Date: Thu, 2 Mar 2006
To: DeuceOfClubs.com
From: Tad M.
Subject: Man you wish you could be saved
If you knew anything about the LDS church you know
that everything the Osmonds speak about is true. I
guess you will just never know being an unbeliever and
all. Peace my Brother, I will pray for you.
Concerned Brother
". . . everything the Osmonds speak about is true. . . .
You may be more right than you know, Concerned Brother Tad, as revealed in the following document, recently obtained from a top secret Mormon Archive cleverly masked as a St. Vincent de Paul thrift store on G street in Douglas, Arizona, mere paces away from another strong power spot: the Holy Virgin Water Heater of Guadalupe y Douglas. There is now undisclosed evidence that Donny Osmond's understudy for his 1992 comeback Broadway play Joseph And The Amazing Technicolor Dreamcoat was, in fact, a convincing robot singer/actor/dancer named OHGOLLY. Much light is shed upon this by our captured period document, in which we see clear evidence of the special Kolobian powers granted Donny Osmond sometime during the 1970s and which he may still in fact command.
(Left: Here we see the imprint (imprimatur?) of Special Agent Martha Aguirre, apparently deployed under cover on the border in Douglas, Arizona. Her current whereabouts and fate are unknown. Right: Disguised as juvenilia, Aguirre's practice scribbles of signatures illustrate the secret skills government agents require out in the field. The word fire is clearly legible, though its import is as yet unknown.)
But, soft! Our story beginneth. . . .
Marie Osmond stood at Donny Osmond's bedroom door and knocked.
"Behold, I stand at the door and knock," saith Marie.
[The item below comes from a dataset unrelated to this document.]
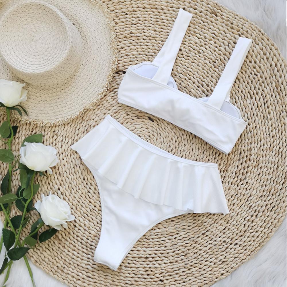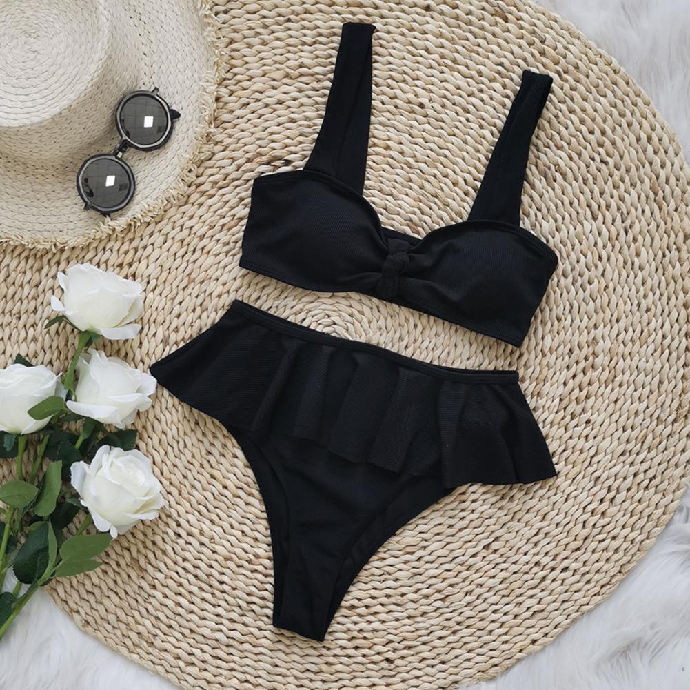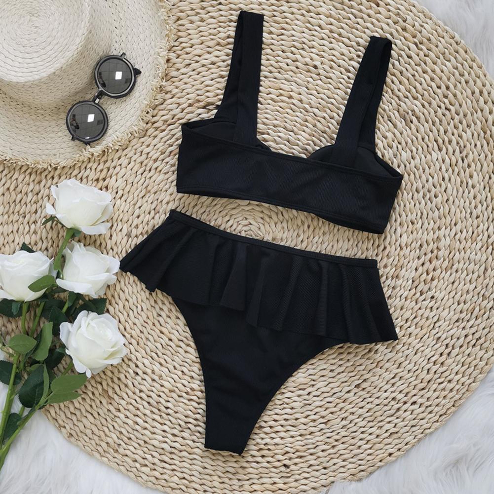 Дизайн с завышенной талией и гофрированным подолом делает бикини пуш-ап более модным, что подчеркивает вашу сексуальную и стройную ногу.

"Evidently something secretive is going on in Donny's room," deduced Marie, "which nowagain I say, evidentlybelongs to someone named . . . MARTHA?"
Just then, Donny emerged from his room, beaded with sweat.
Marie shouted at him playfully. "Donny gots a gurr-friend! Donny gots a gurr-friend!"
"Jeez Pete, Marie!" Donny whined. "Can't a top and happening pop singer get some farging Me Time for golly sakes?!?
"But I"
"You?" protested Donny too much. "I totally wasn't thinking about you!" It was very stylish how the red of his sweater really brought out the red color washing over his cheeks.
Donny pointed. "The kitchen, Marie," he said. "Now."
Marie knew the drill. She had been raised in the loving and traditional punishments of her religion, handed down from generation to generation, since, oh, about 1820-ish, let's say.
To kill time until Marie finished all her chores, Donny danced and modeled vintage contemporary 70s fashions all by himself in the living room's groovy "conversation pit."
All that robot dancing helped Donny suddenly remember the robot he had built to do their chores for them. Hours later, after Marie was done with all the chores, Donny unveiled his new chore-doing robot.
"Wow, Donny! Where did you learn how to make a robot?" exclaimed Marie.
"From some inscribed golden plates I dug up in the back yard. Duh!"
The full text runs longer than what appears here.